Metadata-Version: 2.1
Name: classla
Version: 0.0.3
Summary: Adapted Stanford NLP Python Library with improvements for specific languages.
Home-page: https://github.com/clarinsi/classla-stanfordnlp.git
Author: CLARIN.SI
Author-email: info@clarin.si
License: Apache License 2.0
Keywords: natural-language-processing nlp natural-language-understanding stanford-nlp clarinsi
Platform: UNKNOWN
Classifier: Development Status :: 3 - Alpha
Classifier: Intended Audience :: Developers
Classifier: Topic :: Scientific/Engineering :: Artificial Intelligence
Classifier: Programming Language :: Python :: 3.6
Classifier: Programming Language :: Python :: 3.7
Description-Content-Type: text/markdown
Requires-Dist: numpy
Requires-Dist: protobuf
Requires-Dist: requests
Requires-Dist: torch (>1.3.0)
Requires-Dist: tqdm
Provides-Extra: dev
Requires-Dist: check-manifest ; extra == 'dev'
Provides-Extra: test
Requires-Dist: coverage ; extra == 'test'

# A [CLASSLA](http://www.clarin.si/info/k-centre/) Fork of [Stanza](https://github.com/stanfordnlp/stanza) For Processing South Slavic Languages 
## Installation
### pip
We recommend that you install Classla via pip, the Python package manager.

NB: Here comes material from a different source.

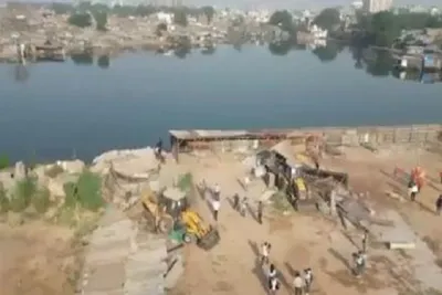 અમદાવાદ મ્યુનિ,કોર્પોરેશને પોલીસની મદદથી શહેરના ચંડોળા તળાવ વિસ્તારના દબાણો હટાવવા મેગા ઓપરેશન હાથ ધર્યું છે. વર્ષો જુની ગેરકાયદે વસાહત પર બુલડોઝર ફેરવી દેવામાં આવ્યું હતું. આજે ત્રીજા દિવસે પણ દબાણ હટાવ કામગીરી ચાલુ રહી હતી. એએમસીની મશીનરી અને મેનપાવર દ્વારા 4,000 જેટલા નાના-મોટા કાચા-પાકા મકાનો અને ઝૂંપડાંને તોડી આશરે 1.5 લાખ ચોરસ મીટર જેટલી સરકારી જગ્યા પરના દબાણો દૂર કરાયાં છે. શહેરના કાંકરિયા તળાવ બાદ સૌથી મોટા એવા ચંડોળા તળાવ પર આ દબાણો દૂર કર્યા બાદ હવે તેના પર ડેવલપમેન્ટની કામગીરી ખૂબ જ ઝડપી કરવામાં આવશે. ચંડોળા તળાવને નર્મદાના પાણીથી ભરવામાં આવશે.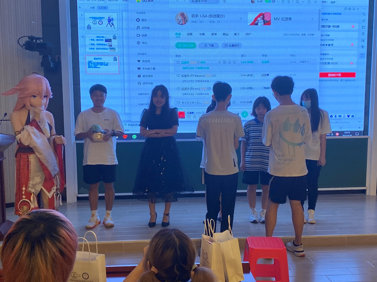 最后就是公布节目分数以及颁奖环节了,果然不出所料,《极乐净土》的苏夏选手获得了一等奖,而选唱音游曲的秋鹤以及翻跳《Bloody Groovy》的黄雅婷队伍获得了二等奖,其余选手均是三等奖,由评委老师颁发给各位同学社团提前准备的精美奖品。

To install, run:
```bash
pip install classla
```
This will also help to resolve all dependencies.

## Running Classla
### Getting started
To run your first Classla pipeline, follow these steps:
```python
>>> import classla
>>> classla.download('sl')                            # to download models in Slovene
>>> nlp = classla.Pipeline('sl')                      # to initialize default Slovene pipeline
>>> doc = nlp("France Prešeren je rojen v Vrbi.")     # to run pipeline
>>> print(doc.conll_file.conll_as_string())           # to print output in conllu format
# newpar id = 1
# sent_id = 1.1
# text = France Prešeren je rojen v Vrbi.
1	France	France	PROPN	Npmsn	Case=Nom|Gender=Masc|Number=Sing	4	nsubj	_	NER=B-per
2	Prešeren	Prešeren	PROPN	Npmsn	Case=Nom|Gender=Masc|Number=Sing	1	flat_name	_	NER=I-per
3	je	biti	AUX	Va-r3s-n	Mood=Ind|Number=Sing|Person=3|Polarity=Pos|Tense=Pres|VerbForm=Fin	4	cop	_	NER=O
4	rojen	rojen	ADJ	Appmsnn	Case=Nom|Definite=Ind|Degree=Pos|Gender=Masc|Number=Sing|VerbForm=Part	0	root	_	NER=O
5	v	v	ADP	Sl	Case=Loc	6	case	_	NER=O
6	Vrbi	Vrba	PROPN	Npfsl	Case=Loc|Gender=Fem|Number=Sing	4	obl	_	NER=B-loc|SpaceAfter=No
7	.	.	PUNCT	Z	_	4	punct	_	NER=O
```

You can also look into ```pipeline_demo.py``` file for usage examples.

## Processors

Classla pipeline is built from multiple units. These units are called processors. By default classla runs tokenize, ner, pos, lemma and depparse processors.

You can specify which processors classla runs, with ```processors``` attribute as in the following example.

```python
>>> nlp = classla.Pipeline('sl', processors='tokenize,ner,pos,lemma')
```

### Tokenization (tokenize)

In case you already have tokenized text, you should split the text (with i.e. spaces) and pass attribute ```tokenize_pretokenized=True```.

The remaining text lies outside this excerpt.